Repeat the listing exactly, line by line, and leave the pictures behind.

SUPPLIED DATA
>>>

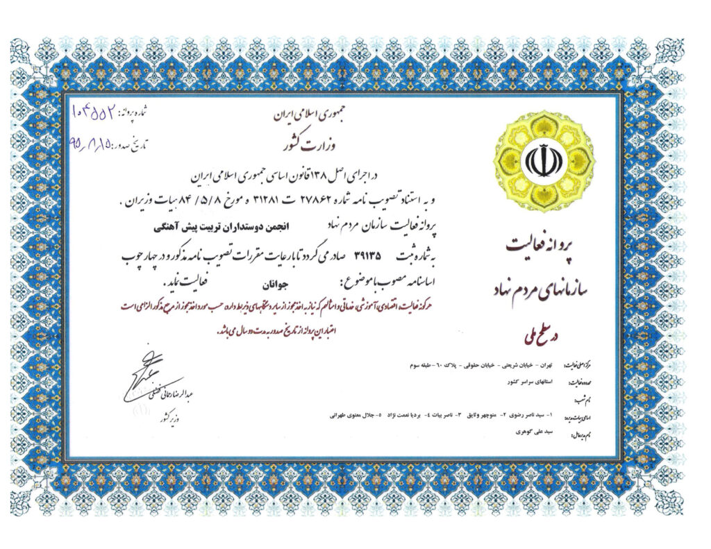 - ثبت رسمی انجمن ودریافت پروانه فعالیت ازامور سازمان های مردم نهاد وزارت کشور جمهوری اسلامی ایران
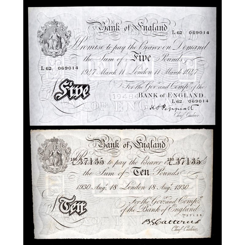 Great Britain: a collection of white five and ten pound notes: five pounds: Peppiatt, 14th March 1945; Peppiatt, 11th March 1947; Beace, 22nd July 1950, 7th April 1952; O'Brien, 6th February 1956, 10th September 1956; ten pounds: Catterus, 18th August 1930; Peppiatt, 19th November 1936; together with an Operation Bernhard forgery five pound note, 23rd November 1935. grades vary but mainly very high. [9]
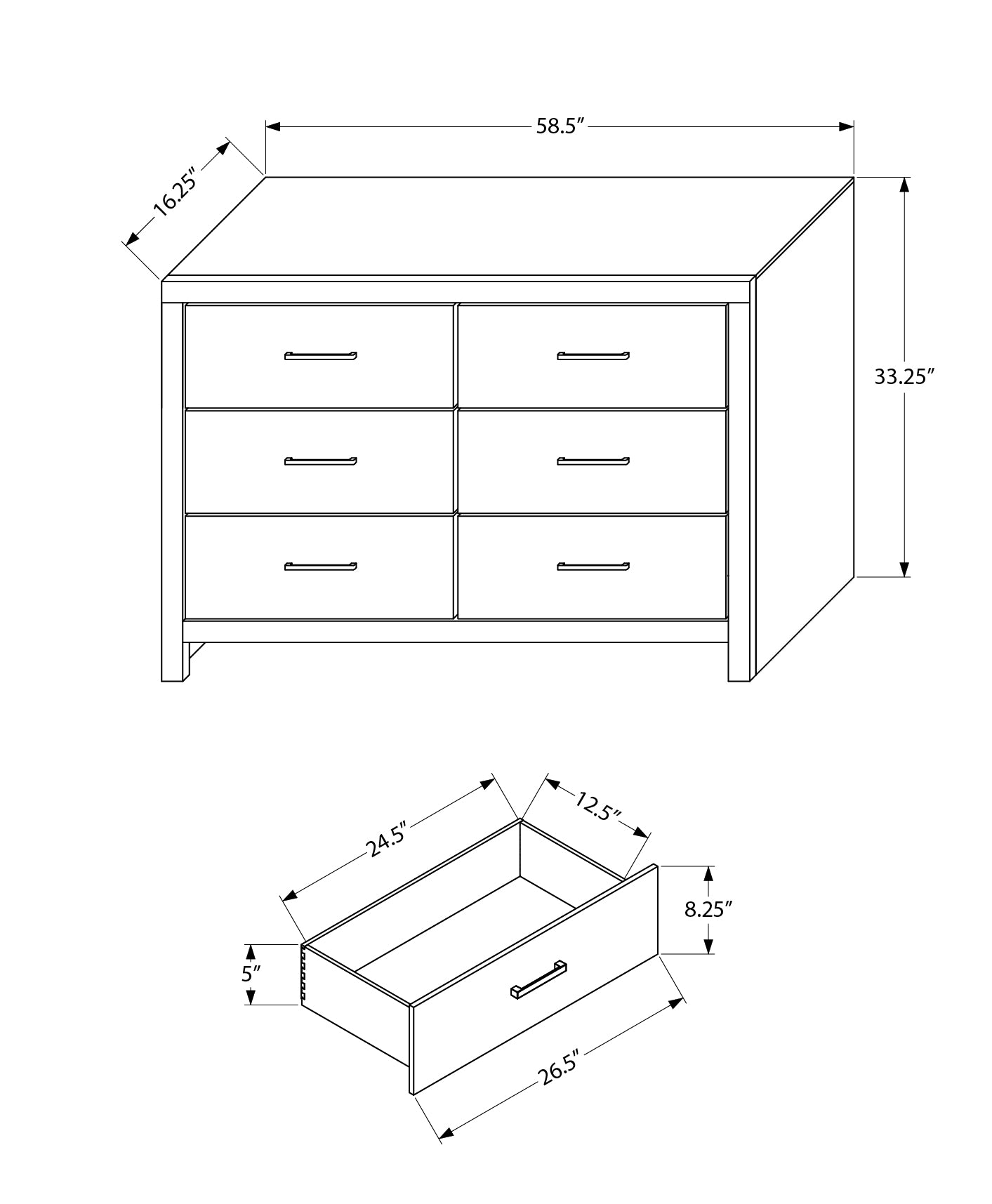 Revamp your bedroom sanctuary with this chic 6 drawer dresser that seamlessly blends modern aesthetics with unbeatable functionality. Crafted from a high-quality wood frame and finished in a trendy, bleached oak laminate, this dresser is the epitome of contemporary design, making it the ideal addition to any stylish bedroom. Experience the ease of durable construction that ensures your dresser withstands the test of time, while the drawers are meticulously designed with solid dove tail drawer construction for added sturdiness and longevity. Each of the drawers are finished on the inside, providing a polished look that speaks to meticulous craftsmanship. Say goodbye to assembly woes! Our dresser comes fully assembled, allowing you to enjoy your new stylish storage space right out of the box. Adorned with sleek metal handles, this dresser not only offers ample storage but also radiates modern elegance that complements your trendy taste. Plus, we stand behind our quality with a 2 year limited warranty, ensuring your investment is protected for years to come. This dresser can be added to the other matching pieces (sold separately) to create a bedroom set that elevates your contemporary space with style.

<<<

YOUR SOLUTION
 - ثبت رسمی انجمن ودریافت پروانه فعالیت ازامور سازمان های مردم نهاد وزارت کشور جمهوری اسلامی ایران
 Great Britain: a collection of white five and ten pound notes: five pounds: Peppiatt, 14th March 1945; Peppiatt, 11th March 1947; Beace, 22nd July 1950, 7th April 1952; O'Brien, 6th February 1956, 10th September 1956; ten pounds: Catterus, 18th August 1930; Peppiatt, 19th November 1936; together with an Operation Bernhard forgery five pound note, 23rd November 1935. grades vary but mainly very high. [9]
 Revamp your bedroom sanctuary with this chic 6 drawer dresser that seamlessly blends modern aesthetics with unbeatable functionality. Crafted from a high-quality wood frame and finished in a trendy, bleached oak laminate, this dresser is the epitome of contemporary design, making it the ideal addition to any stylish bedroom. Experience the ease of durable construction that ensures your dresser withstands the test of time, while the drawers are meticulously designed with solid dove tail drawer construction for added sturdiness and longevity. Each of the drawers are finished on the inside, providing a polished look that speaks to meticulous craftsmanship. Say goodbye to assembly woes! Our dresser comes fully assembled, allowing you to enjoy your new stylish storage space right out of the box. Adorned with sleek metal handles, this dresser not only offers ample storage but also radiates modern elegance that complements your trendy taste. Plus, we stand behind our quality with a 2 year limited warranty, ensuring your investment is protected for years to come. This dresser can be added to the other matching pieces (sold separately) to create a bedroom set that elevates your contemporary space with style.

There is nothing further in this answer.